Step 2: Database layer cutover
- Stop the services on the target.
- Complete the incremental data synchronization.
- (Optional) Configure reverse data synchronization to prepare for rollback upon migration failure.
- Modify the configuration of the middleware layer on the source to point to the data layer on the target.
- Start services on the target.
- Observe the service stability on the target.
- Provide continuous assurance.
Cutover risks and service rollback
The rollback solution in the all-at-once cutover scenario is simple. This section describes the rollback solution in the layer-by-layer cutover scenario.

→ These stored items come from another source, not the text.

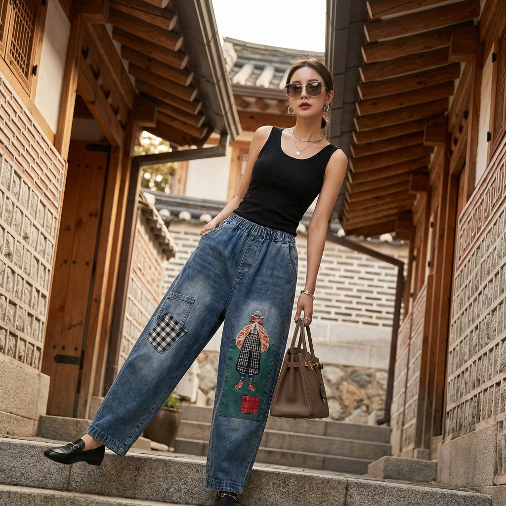- Estilo: Streetwear, Casual, K-fashion. Este pantalón encarna el estilo urbano coreano, con un toque artístico gracias a sus bordados.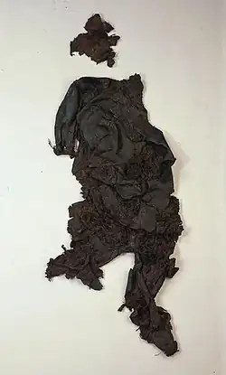 The corpse was discovered 100 cm below the surface of the bog on 17 May 1890 by peat workers. Along with a woolen textile (pictured), many birch branches were found over the body. After the body had been moved to storage, it had decomposed severely. It is unknown what the cause of death was, although it is thought by some that the type of textile was used as a garrote or for strangulation.[50] |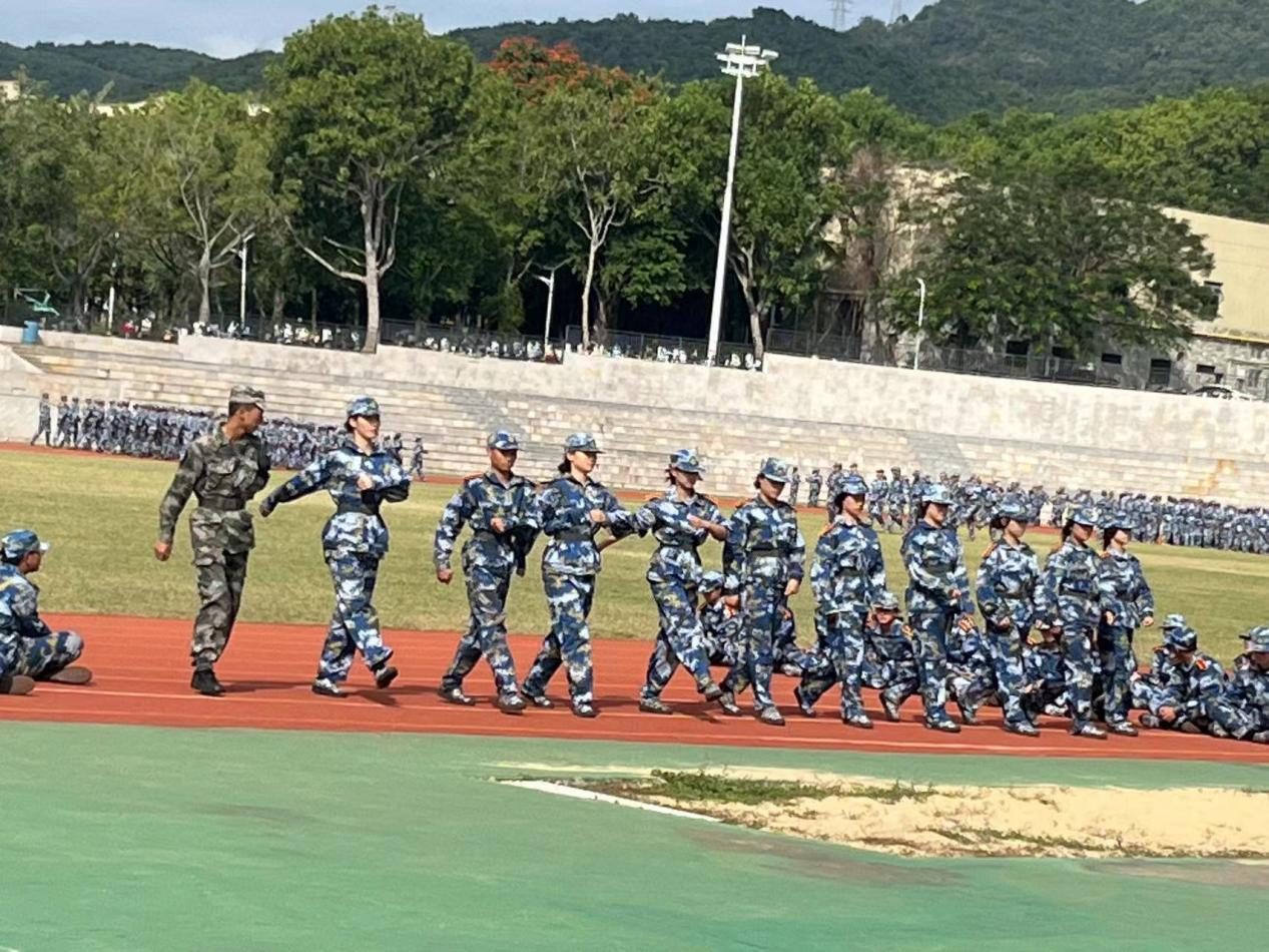 “腿绷直,脚尖下压,脚掌与地面平行,全脚掌着地,身体重心前移,上体正直,微向前倾。”踢正步训练是军训中的重要环节,通过这项训练,学会了如何保持正确的姿势、步伐和节奏。踢正步训练与其他军训项目紧密相关,如队列训练、集体操等。同学们通过踢正步训练培养了严明的组织纪律性和团队协作能力,这些素质在集体活动中显得尤为重要。大家逐渐意识到,只有每个人都严格遵守规则,才能保证整个团队的协调一致

Rollback solutions in the hierarchical cutover scenario are different if:
The data layer has not been cut over
You can directly switch the DNS to switch traffic back to the source system.
The data layer has been cut over
Step 1: Roll back the data layer
- Stop the services on the target.
- Complete the reverse data synchronization.
- Modify the configuration of the middleware layer on the target to point to the data layer created after the reverse synchronization on the source.
- Start services on the target.
- Observe the service stability.
Step 2: Roll back the application layer
- Modify the configuration of the middleware layer on the source to point to the data layer created after the reverse synchronization on the source.
- Modify the DNS configuration, switch the EIP, and switch traffic to the source.
- Start services on the source.
- Observe the service stability.
Assurance solution for seamless DNS switchover
After a public domain name record is modified, it needs to be delivered to all DNS servers around the world. Due to certain restrictions inherent to international basic network infrastructure, the modification takes effect within 2 hours in the Chinese mainland, but takes 48 hours outside the Chinese mainland. During this time, the domain name may be resolved to the original IP address, resulting in access exceptions.
If the domain name is resolved to the original IP address because the modification to the domain name resolution record has not taken effect, you can deploy Nginx or iptables on the source and use the Nginx HTTP proxy or the iptables NAT to forward traffic to Open Telekom Cloud, achieving seamless switchover of domain name records.
The following uses Nginx HTTP proxy as an example to describe the procedure for configuring traffic forwarding:
- Before the switchover, deploy an Nginx reverse proxy server at the back of the load balancer on the source to forward traffic to Open Telekom Cloud ELB.
- After the domain name is switched, bind the source domain name and IP address to the load balancer.
- The load balancer forwards the traffic to the backend Nginx server. The backend Nginx server forward the traffic to the EIP of Open Telekom Cloud ELB load balancer over the public network.
- (Optional) Deploy traffic monitoring software (for example, ntop) on the source Nginx server and view Nginx access logs. If no traffic is generated and access logs are not updated, DNS resolution has been switched over to Open Telekom Cloud.
- Delete the load balancer and Nginx proxy server deployed on the source.